Supplied information Block Start

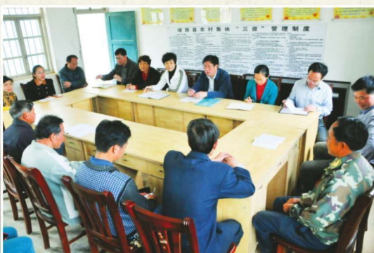
2014年4月9日，靖西县纪委监察局班子与禄峒乡农贡村、大院村党员干部和群众代表座谈，征求党的群众路线教育实践活动开展意见
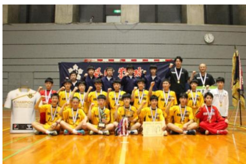
北部中学校男子ハンドボール部
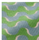
L5086_GROOV Y_N3016_N301 8_FA
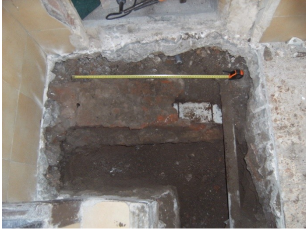
FOTO 5. Claveguera moderna UE 5

Supplied information Block End

=== Problem description ===
Return the material above verbatim, minus the pictures.

=== Output for this exercise ===
2014年4月9日，靖西县纪委监察局班子与禄峒乡农贡村、大院村党员干部和群众代表座谈，征求党的群众路线教育实践活动开展意见
北部中学校男子ハンドボール部
L5086_GROOV Y_N3016_N301 8_FA
FOTO 5. Claveguera moderna UE 5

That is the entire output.